Instantly share code, notes, and snippets.

@dbrant
Created April 20, 2022 13:50
Show Gist options
  • Star 1 You must be signed in to star a gist
  • Fork 0 You must be signed in to fork a gist
  • Save dbrant/cf17199c0224927a1b04caf805ad0f3a to your computer and use it in GitHub Desktop.
Save dbrant/cf17199c0224927a1b04caf805ad0f3a to your computer and use it in GitHub Desktop.
Tape backup format for Mac Retrospect v??
(Dmitry Brant, Apr 2022)
Recently I came across a backup tape (an AIT-3 100GB tape) that was written with a format
I didn't recognize. The only thing I knew is that it came from a Mac workstation, which means
it was likely written using Retrospect, which was a popular backup tool at the time.
This is the result of my reverse-engineering effort to get the contents out of this archive.
------------------
This backup format is composed of a sequence of blocks which use FourCC-style formatting.
(All data is big-endian. Dates are formatted as seconds since Jan 1 1904.)
Each block has the following format:
offset | length |
----------------------------------
0 | 4 | Block name
4 | 4 | Block length (including the name and length fields)
8 | n | Block data
If the goal is simply to recover the file contents from the backup, we only need to care
about these block types: "Diry", "File", "Fork", and "Cont".
A "Diry" block indicates the directory in which any subsequent files are stored.
A "File" block indicates the start of a new file, and contains metadata about the file (name,
date, etc).
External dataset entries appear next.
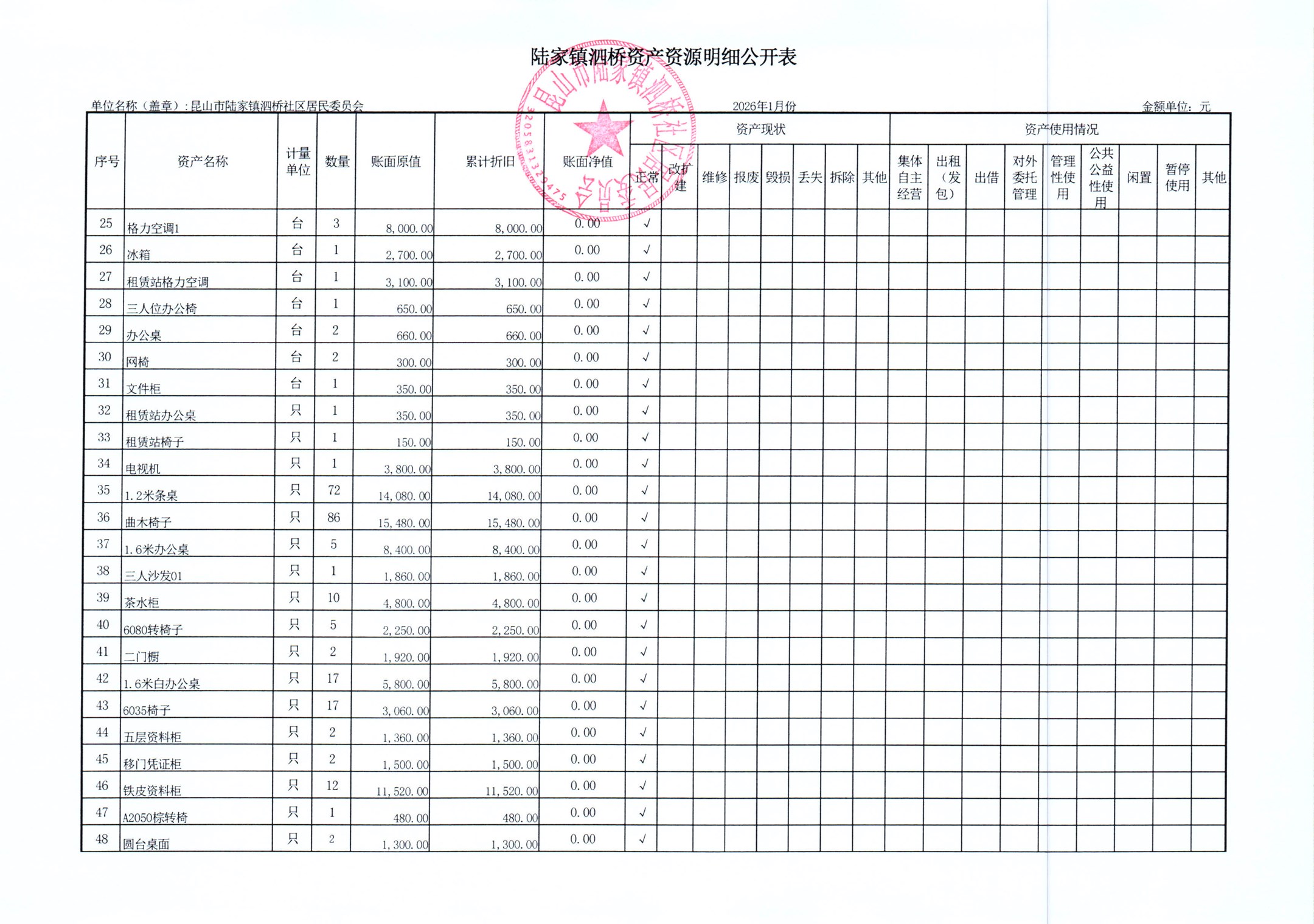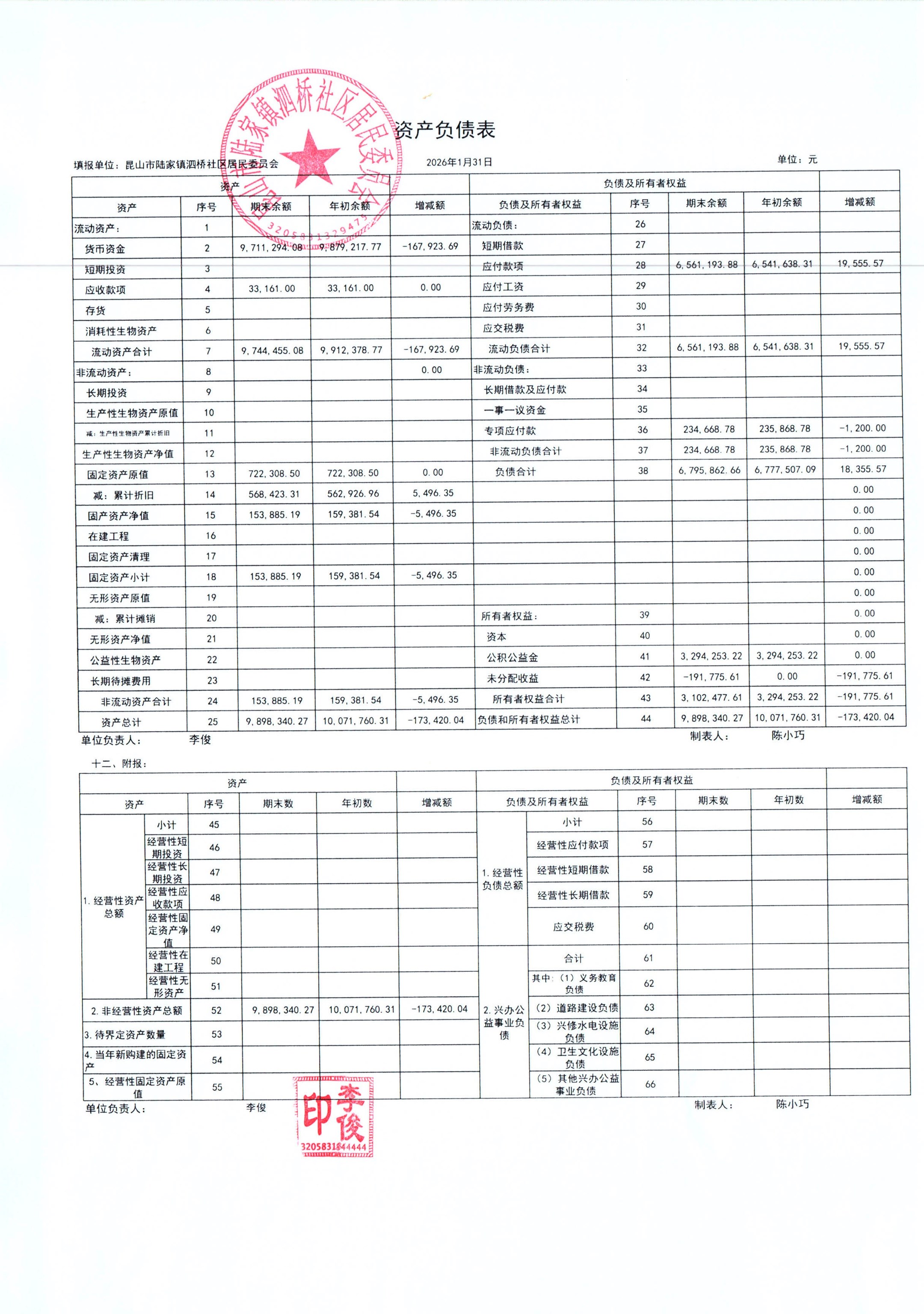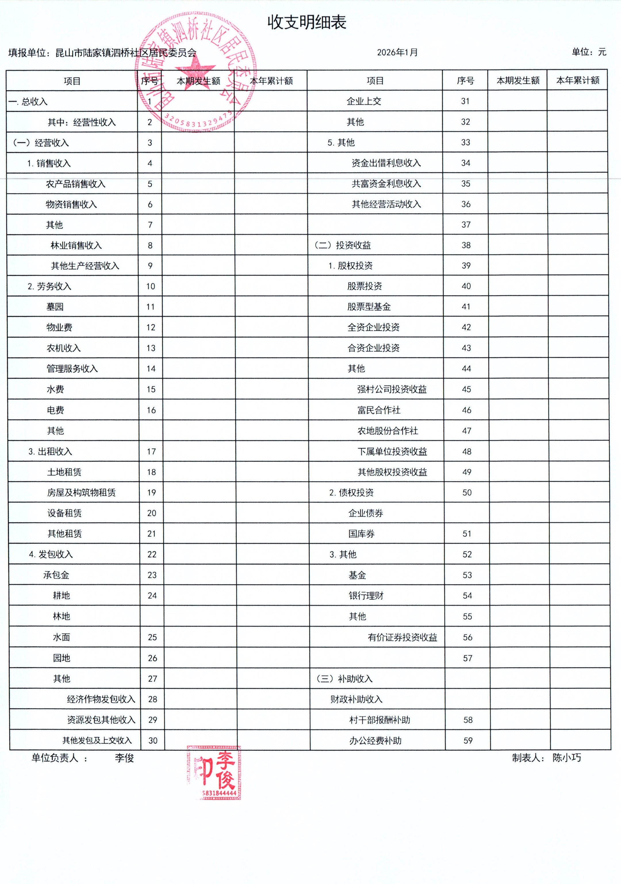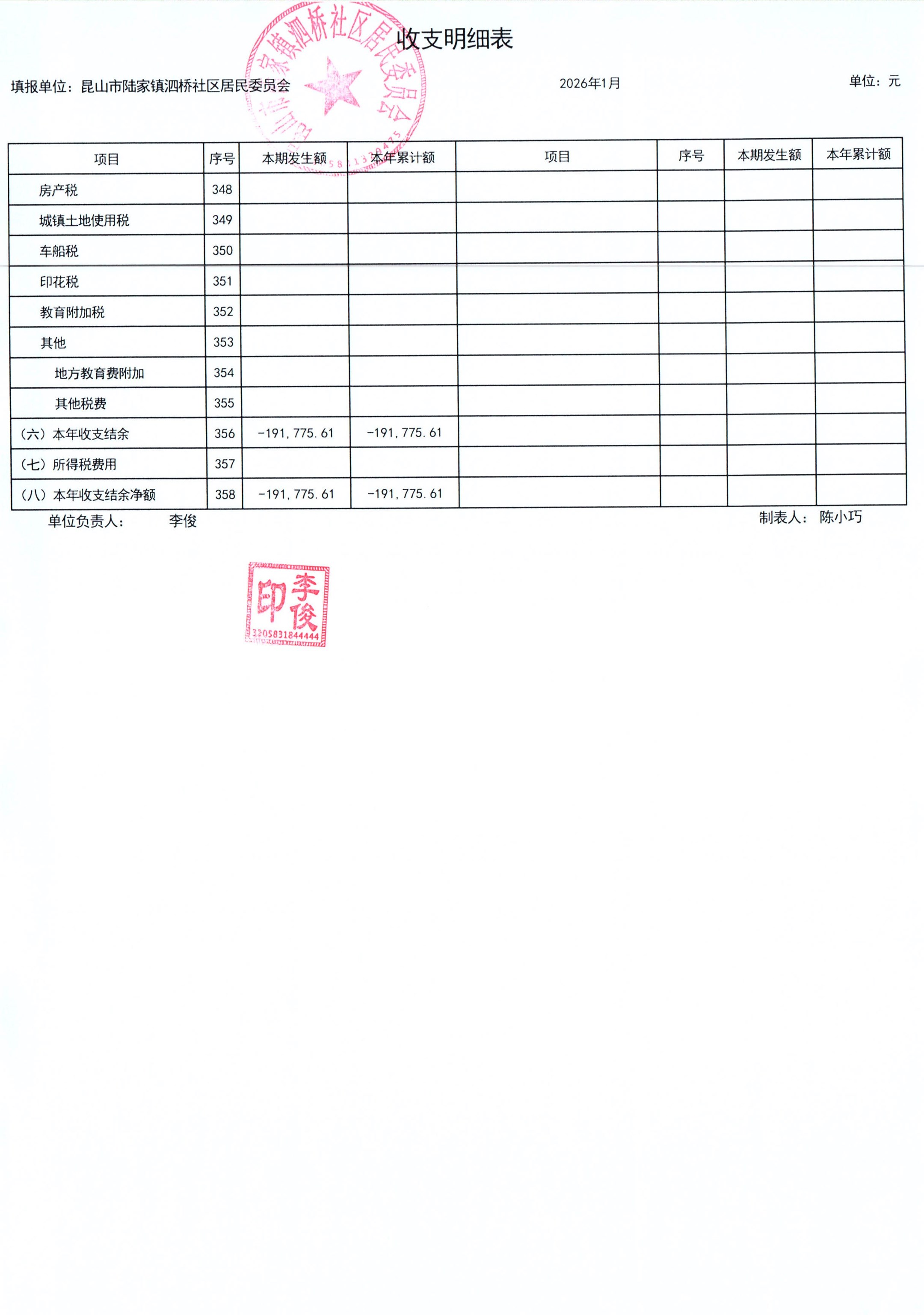 2026年泗桥社区居民委员会1月财务公开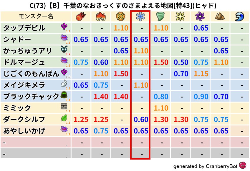 • クランベリー置換率:大量発生モンスター別の順位、最高置換率の地図は人気が高い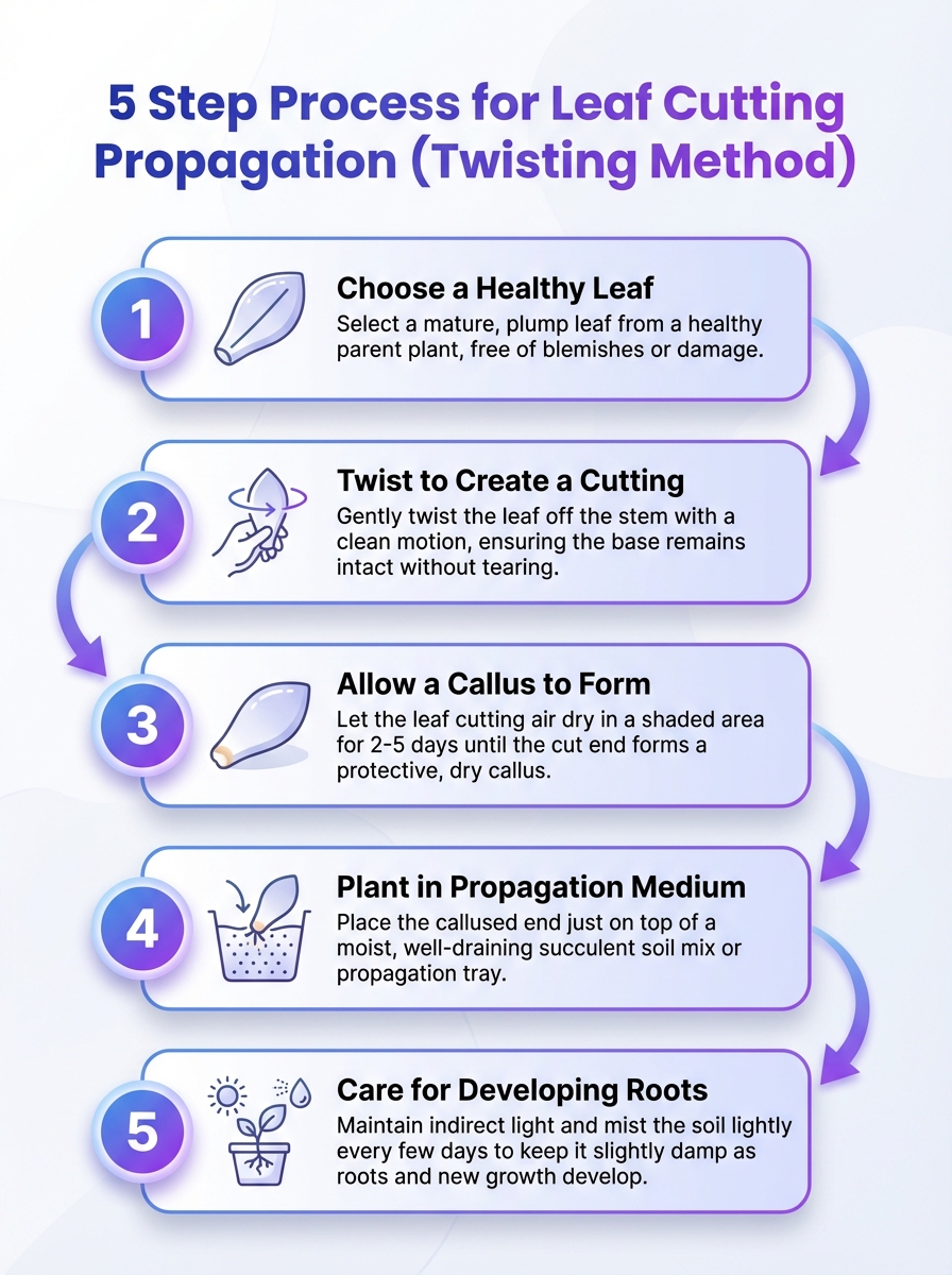 A step-by-step visual guide to propagating plants via leaf cuttings using the twisting method. Learn how to twist correctly to maximize success.

After this block, there may be any number of "Fork" and "Cont" blocks that contain
the actual contents of the current file. In other words, the file contents consist of numerous
"Fork" blocks, and each fork block can have numerous continuation "Cont" blocks. And so, the
overall structure looks like this:
"Diry" <-- current directory
"File" <-- first file
"Fork"
"Cont"
"Cont"
...
"Fork"
"Cont"
"Cont"
...
...
"File" <-- second file
"Fork"
"Cont"
...
Here is the structure of a "Diry" block:
offset | length |
----------------------------------
0 | 4 | "Diry"
4 | 4 | Block length
8 | 4 | Access date
16 | 4 | Create date
1A | 4 | Modify date
50 | n | Directory name, until end of block
Here is the structure of a "File" block:
offset | length |
----------------------------------
0 | 4 | "File"
4 | 4 | Block length
8 | 4 | Access date
16 | 4 | Create date
1A | 4 | Modify date
1E | 8 | File size
46 | n | File name, until end of block
Here is the structure of a "Fork" block:
offset | length |
----------------------------------
0 | 4 | "Fork"
4 | 4 | Block length
8 | 16 | Some kind of fork-specific header, seems to be ignorable.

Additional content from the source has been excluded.